Database Sharding – Horizontal Partitioning for massive scalability
Database Sharding (made popular by Google) is a method of horizontal partitioning in a database and the approach is highly scalable and provides improved throughput and overall performance. Database Sharding can be defined as a “shared-nothing” partitioning scheme for large databases across a number of servers each with their own CPU, memory and disk. Simply put, break the database into smaller chunks called “shards” (each becoming a smaller database by itself) and spread those across a number of distributed servers.
The main advantage of Database Sharding approach is improved scalability, growing in a near-linear fashion as more servers are added to the network. Other benefits of having smaller databases are:
- Easier to Manage – smaller databases means that the regular activities like backup, database optimization etc. can be handled independently and in parallel.
- Faster – Smaller databases mean that the ratio of memory to disk is improved resulting in reduced disk I/O, less contention for resources and in turn the performance as well as throughput improves.
- Less Cost – Lower cost open source databases which doesn’t require licensing per server results in direct cost savings. Also unlike traditional partitioning techniques which rely on shared facilities (like expensive SANs), sharding typically involves commodity hardware which again translates to significant cost savings.
Sharding typically uses a distributed hash table (DHT) that provides a lookup service similar to a hash table where any participating node an efficiently retrieve the value associated with a given key.
The characteristics emphasized by DHT are Decentralization (without any central co-ordination), Scalability (function efficiently with thousands of nodes), Fault tolerance (reliable even with nodes continuously joining, leaving and failing). These goals are achieved using a key technique so that any one node needs to coordinate with only a few other nodes in the system – so that only a limited amount of work needs to be done for each change in membership. This allows a DHT to scale to extremely large numbers of nodes and to handle continual node arrivals, departures, and failures.
Most DHTs use consistent hashing to map keys to nodes. This technique employs a function δ(k1,k2) which defines an abstract notion of the distance from key k1 to key k2. Each node is assigned a single key called its identifier (ID). A node with ID ix owns all the keys km for which ix is the closest ID, measured according to δ(km,in). Consistent hashing has the property that removal or addition of one node changes only the set of keys owned by the nodes with adjacent IDs, and leaves all other nodes unaffected.
Conceptually, Sharding broadly falls under three categories:
1. Vertical partitioning – All the data related to a specific feature of a product are stored on the same machines. Storing infrequently used or very wide columns on a physically different device is an example. It is also referred to as “row splitting” – as the row is split by its columns.

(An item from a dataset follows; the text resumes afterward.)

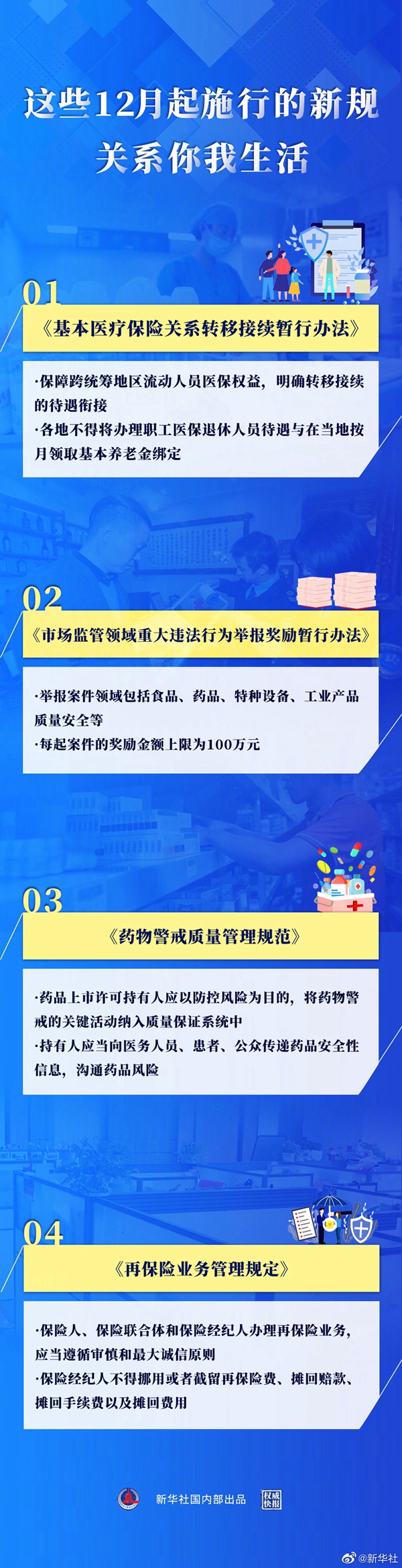 明確醫(yī)保關(guān)系的轉(zhuǎn)移接續(xù)辦法,讓跨統(tǒng)籌地區(qū)流動(dòng)人員的醫(yī)保權(quán)益更有保障;舉報(bào)市場監(jiān)管領(lǐng)域重大違法行為可獲獎(jiǎng)勵(lì),每起案件的獎(jiǎng)勵(lì)金額上限為100萬元;進(jìn)一步完善藥物警戒質(zhì)量管理規(guī)范,強(qiáng)化藥品上市許可持有人的安全監(jiān)管責(zé)任……戳大圖,哪條你最期待?(新華社記者白陽 海報(bào)設(shè)計(jì)張晨光)

2. Key-based partitioning – In this, the part of the data itself is used to do the partitioning. Most common approach is to use a one-way hashing algorithm to map the data to be accessed to one of the shards that store it. Natural hashes can as well be used – in case of numbers as key, the key mod N (number of shards), in case of dates, it could be based on time interval, could be based on first letter of the name, and for amounts it could be based on the range of value. Similarly a list of values can be used to assign a partition – e.g., list of countries grouped into continents.
3. Directory-based partitioning – In this scheme, a lookup table that keeps track of which data is stored in which shard is maintained in the cluster. This approach has two drawbacks – the directory can become a single point of failure and there is a performance overhead as the directory has to be accessed every time to locate the shard.
Composite partitioning that allows a combination of the partitioning schemes are also used, say applying a range partitioning first and then a hash partitioning.
The distributed nature of multiple shard databases increases the criticality of a well-designed fault-tolerant and reliable approach which makes the following necessary:
- Database Shard redundancy – ensuring at least two “live” copies of each shard are available in the event of an outage or server failure. It going without saying that multiple copies in turn require a high-performance, efficient and reliable replication.
- Automated backups of individual database shards
- Redundancy at various levels, involving cost-effective hardware
- Automated failover when an outage or server failure occurs
Distributed queries, that can perform faster and use parallel processing of interim results on each shard server, need the ability of the system to handle them in a seamless manner for the application (MapReduce is one such example).
Various Sharding schemes exist and each has inherent characteristics and performance advantages when applied to a specific problem domain. Database Sharding to be effective needs to be application specific. A single application can use more than one shard scheme, each applied to a specific portion of the application to achieve optimum results.